Share your dilemmas and get honest opinions from other Mumsnetters.

So upset about my daughter

349 replies

Fireangels · 06/05/2024 23:32

Will try to be brief. But a bit of background. My DM who is in her 80s wanted to update her will. She wanted to include her 3 DCs and her 4 DHCs. My DF is still living but is very frail and has been bedridden for nearly 4 years. She asked my advice as of myself and siblings I do the most to provide care and support to my parents. Since my DFs illness, my adult DD2 decided to move in with my parents to also provide support to them.
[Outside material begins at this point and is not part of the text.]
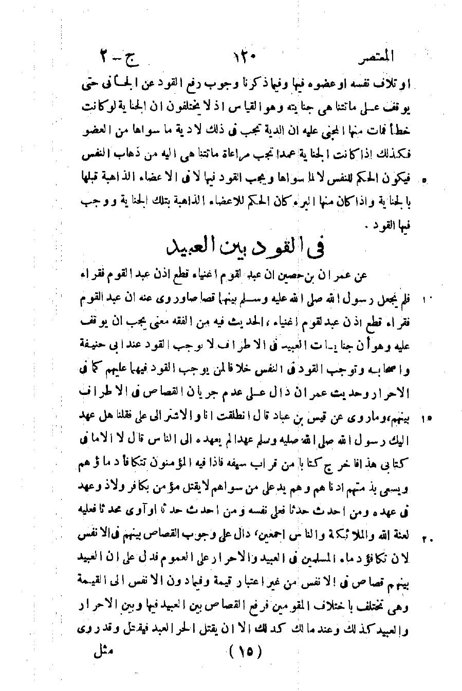عن عمران بن حصين أن عبد لقوم أغنياء قطع أذن عبد القوم فقراء فلم يجعل رسول الله صلى الله عليه وسلم بينهما قصاصا وروى عنه أن عبد القوم فقراء قطع أذن عبد لقوم أغنياء الحديث فيه من الفقه معنى يجب أن يوقف عليه وهو أن جنايات العبد في الأطراف لا يوجب القود عند أبي حنيفة وأصحابه وتوجب القود في النفس خلافا لمن يوجب القود فيهما عليهم كما في الأحرار وحديث عمران دال على عدم جريان القصاص في الأطراف بينهم وما روى عن قيس بن عباد قال: انطلقت أنا والأشتر إلى علي فقلنا: هل عهد إليك رسول الله صلى الله عليه وسلم عهدا لم يعهده إلى الناس قال: لا إلا ما في كتابي هذا فأخرج كتابا من قراب سيفه فإذا فيه: المؤمنون تتكافأ دماؤهم ويسعى بذمتهم أدناهم وهم يد على من سواهم لا يقتل مؤمن بكافر ولاذو عهد في عهده ومن أحدث حدثا فعلى نفسه ومن أحدث حدثا أو آوى محدثا فعليه لعنة الله والملائكة والناس أجمعين دال على وجوب القصاص بينهم في الأنفس لأن تكافؤ دماء المسلمين في العبيد والأحرار على العموم فدل على أن العبيد بينهم قصاص في الأنفس من غير اعتبار قيمة وفيما دون الأنفس إلى القيمة وهي تختلف باختلاف المقومين فرفع القصاص بين العبيد فيها وبين الأحرار والعبيد كذلك وعند مالك كذلك إلا أن يقتل الحر العبد فيقتل وقد روى مثل مذهب أبي حنيفة أنه لا قود بين العبيد فيما دون النفس عن عبد الله بن مسعود.

Whenever my DM would ask advice about her will I always said it was completely up to her who she left what to, but to express this in terms of percentages rather than amounts as we don’t really know what her estate would be worth. I also arranged for the title deeds to be changed on the house she jointly owns with my DF in case she pre-deceased him in case as a result he has to go into residential care. (This means she can leave her half of the property independently so it does not pass to my DF where it could then be taken to pay care fees).
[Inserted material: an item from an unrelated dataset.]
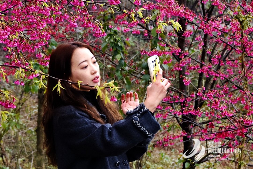 值得一提的是,今年江津区首届猫山樱花文化节也在2月5日正式开幕,得益于温暖气候,位于猫山樱博园里的中国红等珍稀樱花品种部分已提前绽放,整个景区花期将持续50天左右,带来了一场赏心悦目的早春视觉盛宴。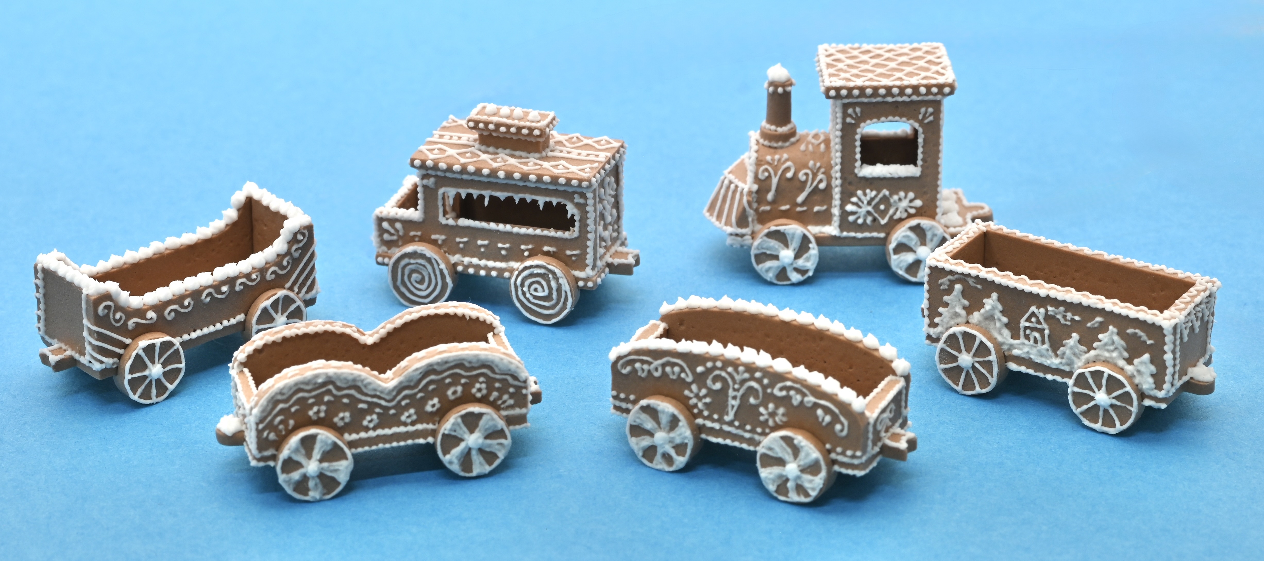 Brand new gingerbread train mold! There is a engine, 4 train cars and caboose, these are easy to make! There are 1:24 and 1:48 are a little more time consuming but so worth it!

Once DM had made her decision about her beneficiaries I took her to a solicitor for the Will to be drafted.

When we got back, DM told my DD2 what she had decided. (She stands to inherit a fairly substantial sum). My DD2 who is and always has been very strong willed, was upset. I couldn’t understand why, as I feel that it is a massive privilege to be mentioned in a grandparent’s will.

She later told my DH (her DF) that my DM had told her that she and the other DGCs would be getting far more, and accused me of coercing my DM to leave them less so that my siblings and I would inherit more. She admitted to eavesdropping on conversations my DM had with me, and that she had kept a record of these for some months which she intended to present to the police to accuse me of financial abuse/coercion etc and have me prosecuted. I am absolutely devastated that she has done this. It seems she’s caught snippets of various conversations where I’ve tried to help my DM organise her thoughts (without influencing her), and concluded that I’ve convinced her to leave her and the other GCs less than she originally intended.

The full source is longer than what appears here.